The following three cute irreducible octics are solvable,

$\text{(1)}\;\; x^8-5x-5 = 0$

$\text{(2)}\;\; x^8-44x-33 = 0$

$\text{(3)}\;\; x^8-x^7+29x^2+29 = 0$

However, each needs to be solved in a different way: they need a quadratic, quartic, and septic subfield, respectively.

The first is the easiest, it factors over $\sqrt{5}$ into two quartics.  The second does not factor over a square root extension, but factors into four quadratics,

$x^2+vx -(2v^3-7v^2+5v+33)/13 = 0$

where the coefficients are determined by the quartic,

$v^4+22v+22 = 0$

The command,

Resultant[x^2+vx -(2v^3-7v^2+5v+33)/13 , v^4+22v+22 ,v]

done in Mathematica or in www.wolframalpha.com will eliminate the variable v and recover [2].  The first two octics are by this author.  (Any other example for the second kind with small coefficients?)

The third (by Igor Schein) is the hardest, as it needs a septic subfield.
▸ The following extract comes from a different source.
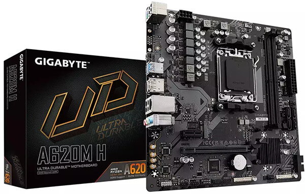 GIGABYTE στην κατηγορία ΜΗΤΡΙΚΗ ΚΑΡΤΑ Μητρική κάρτα Gigabyte A620M H για Ryzen7000 Series, socket AM5. Διαθέτει 2 υποδοχές DIMM DDR5 με μέγιστη χωρητικότητα 96 GB και μία υποδοχή PCI Express 4.0 για σύνδεση καρτών γραφικών και άλλων επεκτάσεων. Δέχεται έως 1 μονάδα αποθήκευσης SSD τύπου M.2 και 4 μονάδες αποθήκευσης με σύνδεση SATA III 6GB/s.
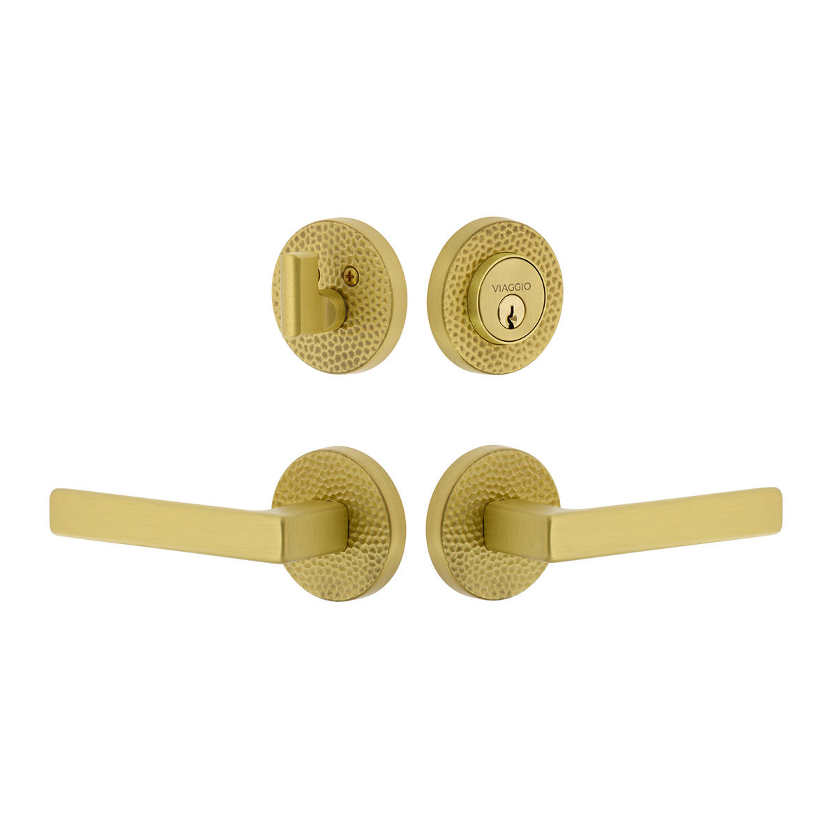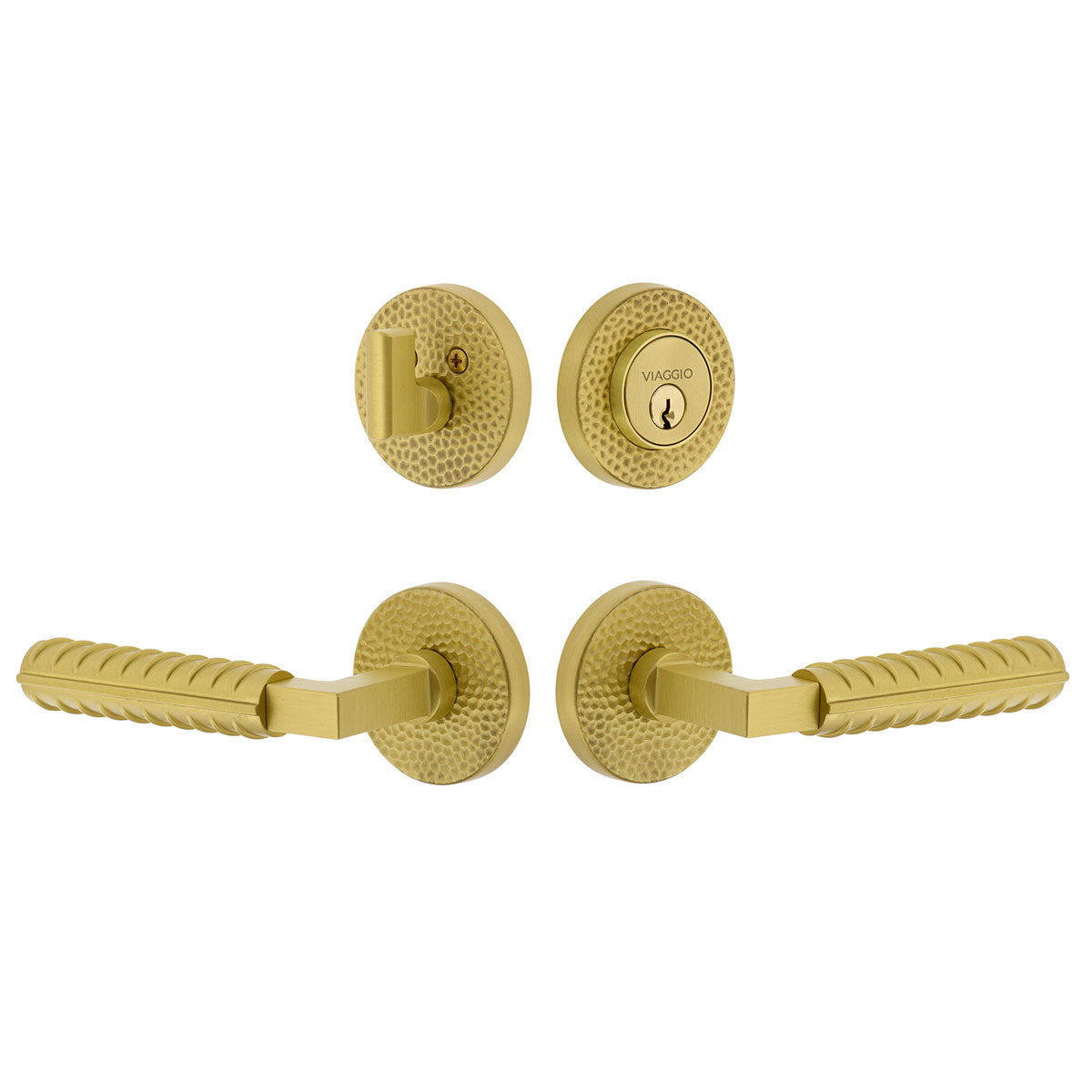 Circolo Hammered Rosette Entry Set with Lusso Lever in Satin Brass

Interestingly though, the solution involves the 29th root of unity. Given,

$x^8-x^7+29x^2+29 = 0$

Then,

\begin{aligned} x_1 &= (1+(a-b-c-d+e-f-g))/8\\ x_2 &= (1-(a-b-c-d-e+f+g))/8\\ x_3&= (1-(a+b-c+d+e-f+g))/8\\ x_4&= (1+(a+b-c+d-e+f-g))/8\\ x_5&= (1-(a+b+c-d+e+f-g))/8\\ x_6&= (1+(a+b+c-d-e-f+g))/8\\ x_7&= (1-(a-b+c+d-e-f-g))/8\\ x_8&= (1+(a-b+c+d+e+f+g))/8 \end{aligned}

where the 7 constants {a, b, c, d, e, f, g} is the square root of the appropriate root $z_i$ of the solvable septic,

$z^7-7z^6-2763z^5-19523z^4+1946979z^3+34928043z^2+\\119557031z-3247^2 = 0$

namely,

\begin{aligned} a &\approx \sqrt{ -26.98}\\ b &\approx \sqrt{ -26.95}\\ c &\approx \sqrt{ -19.71}\\ d &\approx \sqrt{ -4.78}\\ e &\approx \sqrt{ 0.08}\\ f &\approx \sqrt{ 36.91}\\ g &\approx \sqrt{ 48.43}\\ \end{aligned}

Note that,

$(8x_3-1)+(8x_4-1)+(8x_5-1)+(8x_6-1) = -4e$

hence one can use the roots of this octic to express the roots of its resolvent septic, and vice versa.  In terms of radicals, Peter Montgomery expressed the septic roots $z_i$ as,

\begin{aligned}\tfrac{1}{4}(z-1) &= 2(w^{11}+w^{13}+w^{16}+w^{18})-2(w+w^{12}+w^{17}+w^{28})\\ &+(w^3+w^7+w^{22}+w^{26})-(w^2+w^5+w^{24}+w^{27})\\ &+(w^4+w^{10}+w^{19}+w^{25})-(w^8+w^9+w^{20}+w^{21}) \end{aligned}

where w is any complex root of unity (excluding w = 1) such that $w^{29}=1$. For example, $w = \exp(2\pi i\cdot4/29)$ will yield the value for $z_1 \approx -26.98$,  and so on.